Opinion

The Great Debate

Can the social network of Davos deliver?

January 26, 2010

– Aron Cramer is the president and CEO of BSR , a global business network and consultancy focused on sustainability. He is also coauthor of the forthcoming book Sustainable Excellence (Rodale 2010). The views expressed are his own. –

The 40th World Economic Forum at Davos gets underway this week in a world still groping for direction and solutions to structural changes and economic weakness that plague the global economy. Is it realistic to expect that the 2,500 people at Davos will deliver a truly sustainable economic recovery?

The disappointing outcome at Copenhagen was a powerful example of how risky it is to expect grand, global gatherings to save the world. Does that mean it’s best to keep expectations of Davos in check? Maybe not.

Davos is a place where influential government, business, and civil society leaders gather to create new solutions to vexing problems. It is, in its own elite way, more representative of the 21st century world than the summits that rely on formal treaties. You could say that Davos, with its informal opportunities for connections, is a social networking site in the snow, while Copenhagen, with its formal communiqués, is more like the Congress of Vienna.

In proper web 2.0 fashion, much of the goings-on are user generated, organized by participants outside the official program. And by looking at what’s happening at the “off-piste” meetings and events, it’s easy to see that sustainability is at the core of this 40th Davos.

It is precisely the combination of the official and unofficial agenda at Davos that has the potential to contribute to sustainable prosperity—especially if it can deliver systemic redesign, spark innovation for sustainability, and leverage the power of the network it has assembled.

Indeed, one of the WEF’s core themes this year is system redesign. It’s looking to make progress on its Global Redesign Initiative, an effort to promote governance improvements for inclusive economic growth that is also environmentally sustainable. In addition, the chairs of Davos’ 70 Global Agenda Councils (which includes one I will lead on sustainable consumption) will close the event with recommendations to bring to a summit in Qatar this May. It is then that the outputs of these 70 councils, which range from the future of China to the future of journalism, will be presented formally to a group of governments. The goal is nothing less than “fostering transformational innovation in global governance” to solve the world’s most pressing problems. So we should give the WEF credit for its effort to look at global problems from a systemic perspective.

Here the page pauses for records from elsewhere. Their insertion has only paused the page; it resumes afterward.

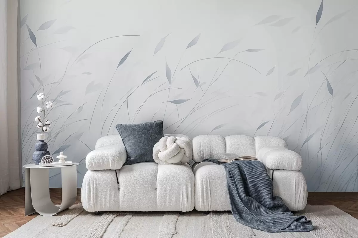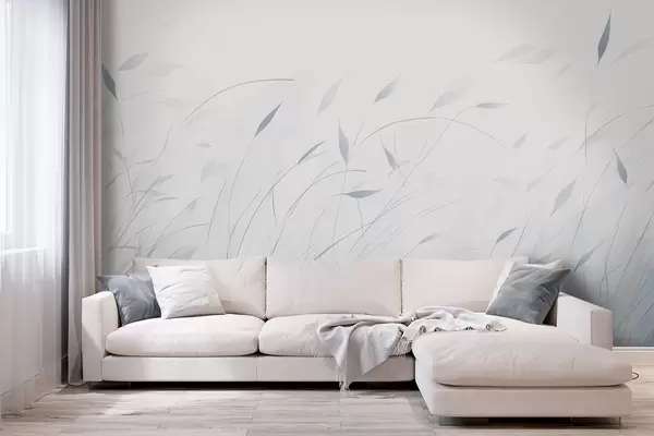 Фотошпалери Трава на вітрі в акварельному стилі в блакитних відтінках w09331v2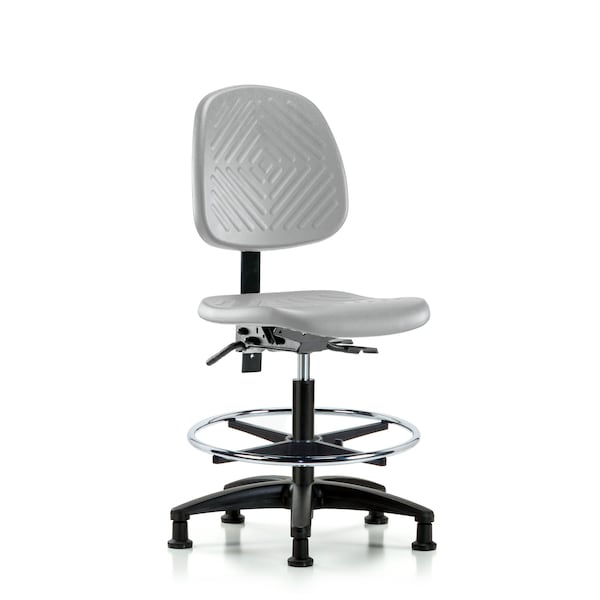 Gray Polyurethane Medium Bench Height Chair with Medium Back is adjustable from 19.25-26.75 inches from the top of the seat to the floor and features ergonomic adjustments including seat height and locking back tilt, chrome adjustable foot ring, locking seat tilt, and black, nylon-reinforced fiberglass base with stationary, non-marring glides suitable for hard floors in chemical, soil, and puncture resistant polyurethane.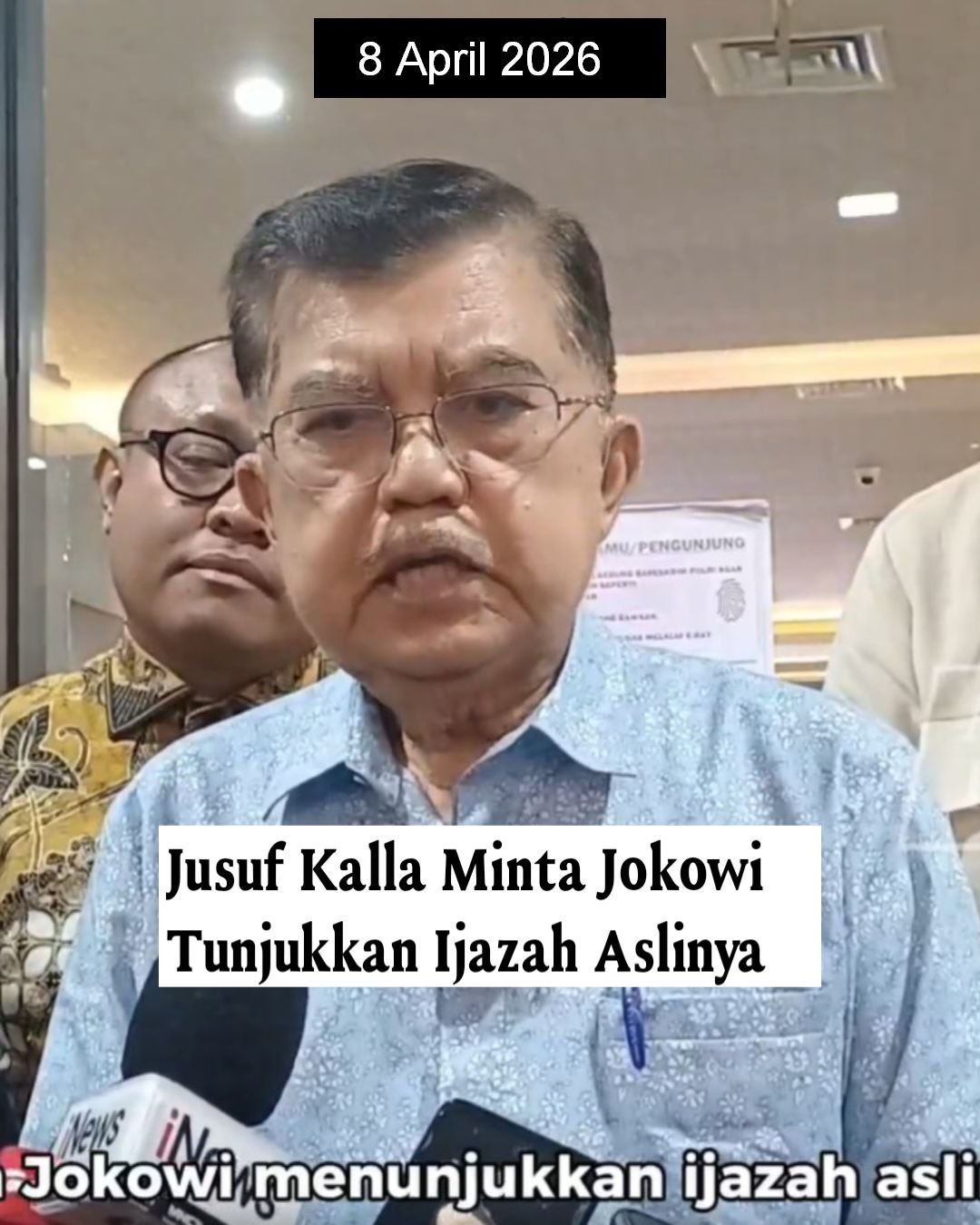 Hal tersebut diungkapkan Jusuf Kalla saat mendatangi Bareskrim Polri untuk melaporkan Rismon Sianipar atas tudingan mendanai isu ijazah palsu Jokowi, Rabu (8/4/2026).

Innovation for sustainability is also on the agenda. I’ll be leading a discussion on “Redirecting Marketing,” in which leaders from fields such as marketing and consumer products will debate the fundamental premise of how we communicate about and sell products. Today, innovation is about much more than just new kinds of products, and we’ll consider whether marketing is mired in a “Mad Men” world, or whether there’s an opportunity to inspire consumers to make more sustainable choices.

Finally, Davos will help us move toward sustainable prosperity if the new network of partnerships and connections formed during these six days can live beyond the snowy Alps. This question is the hardest to answer since it depends on the outcome of thousands of side meetings, random connections, and in-process ideas. But one of the great advantages of being at Davos is the opportunity for global leaders to hear ideas they wouldn’t ordinarily be exposed to in the course of their regular workweek. These unstructured encounters are where some of the most interesting and useful ideas can emerge.

Unlike Copenhagen or the G-20 summits, there won’t be a closing communiqué that summarizes the results of Davos. But if the unique network of 2,500 people all go home with innovative ideas that build more momentum for sustainable economic recovery, Davos will be an important step forward.